Thanks for the ideas!

I don't have any effects, beyond what's built in to my amp, but I honestly don't use them much. Have you checked out Rocksmith? I bought it for PS3 and it's probably the best $80 I spent in a while. In the Tone Designer section of the game, you can mess with all kinds of gear and placement to produce almost any kind of sound.


----------



## Millie (Nov 22, 2014)

Mithril said:


> Sounds pretty modern. "we"? So I take it you're in a band too? Cool!.

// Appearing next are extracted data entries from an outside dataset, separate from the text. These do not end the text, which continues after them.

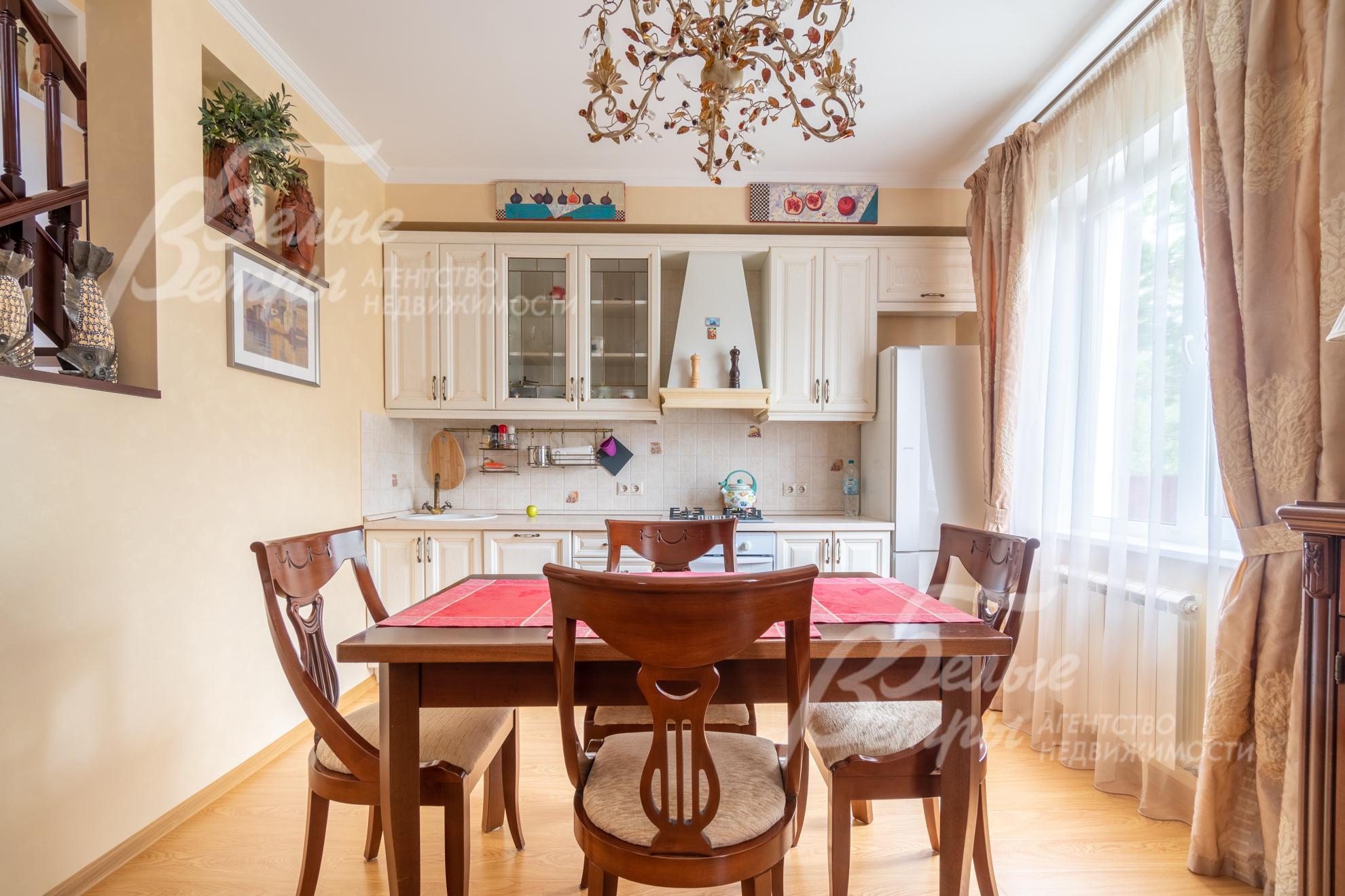 Мебель, оборудование: дом полностью меблирован, почти вся мебель в интерьере – итальянского производства. На кухне – гарнитур из массива дуба (Дарина, Чехия) со встроенной техникой (посудомоечная машина Bosch, газовая плита Siemens, холодильник Gorenje), обеденная группа на 4 персоны из массива дерева. Во всех спальнях - итальянские гарнитуры. Есть итальянский комод из массива дерева с большим зеркалом, стильный китайский комод, финский стол (в кабинете), телевизоры (Samsung). В санузлах – сантехника Ideal, Kaisek, Gustavsberg, стиральная машина Gorenje. Дом украшают итальянские люстры.
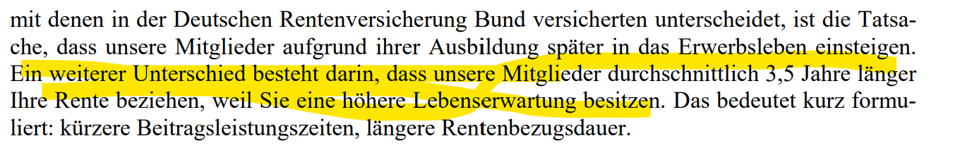 Das heißt, dass im Versorgungswerk ca. 15-30% länger und damit "mehr" Rente gezahlt werden muss. Als Gutverdiener in der GRV profitiert man von der relativen Kurzlebigkeit vieler Mitglieder in der GRV.
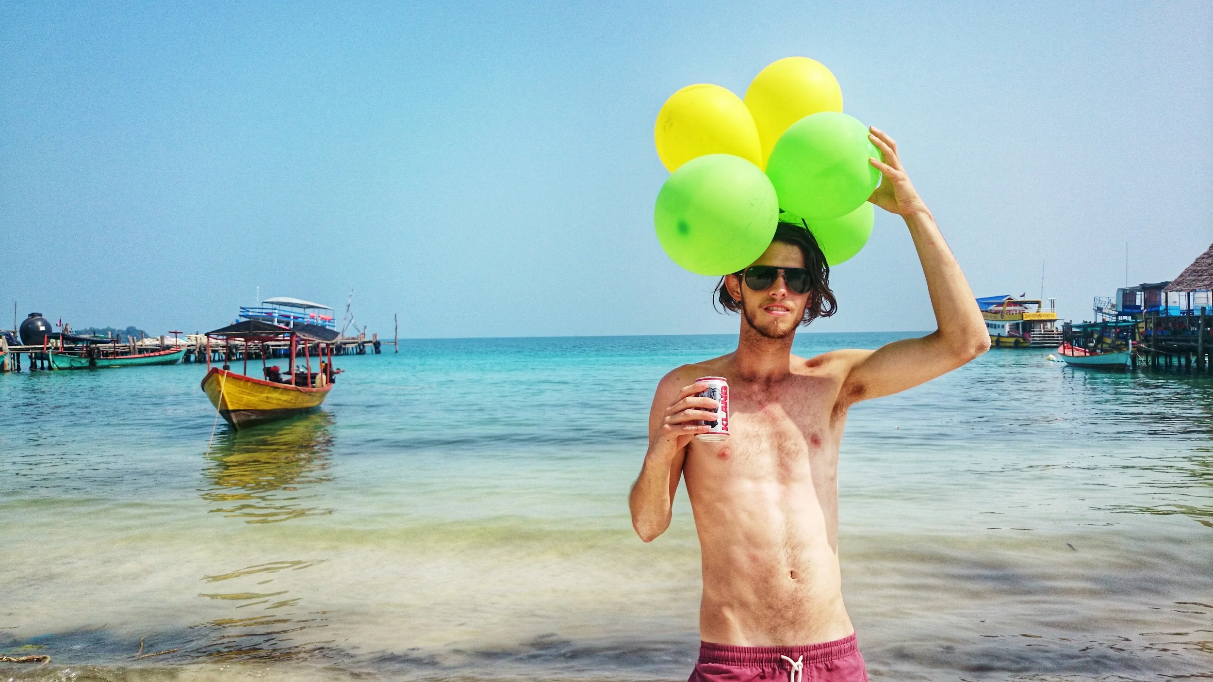 The cheery, bearded owner of Island Boys is Australian and he’s stapling yellow and green streamers on any available surfaces: poles, doorways, the stairwell, the ceiling. Balloons bounce past the legs of bar stools and down the hall toward the dorms. The French girl has lined up five shots, now. She and I glance at my three Aussie companions, who aren’t paying attention. It’s their third shot of the day. They sip Klang (a cheap Cambodian beer) casually and joke about the music, unconcerned of the unreasonable hour and the dangerously strong shot they’re about to consume. One finally notices my gaze and snatches his Wet Pussy off the bar.

By 'we' I mean my brother and I - we sorta had a band-ish thing going for some years but we never ended up doing anything other than jamming in the drummer's basement and recording a few home demos. Drummer stopped playing and we never played a gig. Never even had a name that stuck. So it's a two-person gig now, name still pending. What kind of things does your group do?


----------



## Mithril (Nov 30, 2014)

Miles06 said:


> By 'we' I mean my brother and I - we sorta had a band-ish thing going for some years but we never ended up doing anything other than jamming in the drummer's basement and recording a few home demos. Drummer stopped playing and we never played a gig. Never even had a name that stuck. So it's a two-person gig now, name still pending. What kind of things does your group do?


That sounds like a lot of fun! I wish I had a brother. Our coach has scheduled a performance in February, but I want to try to get another gig somewhere else. And in summer, we participate in a band competition.


----------



## Mithril (Nov 30, 2014)

lightwing said:


> Thanks for the ideas!
> 
> I don't have any effects, beyond what's built in to my amp, but I honestly don't use them much. Have you checked out Rocksmith? I bought it for PS3 and it's probably the best $80 I spent in a while. In the Tone Designer section of the game, you can mess with all kinds of gear and placement to produce almost any kind of sound.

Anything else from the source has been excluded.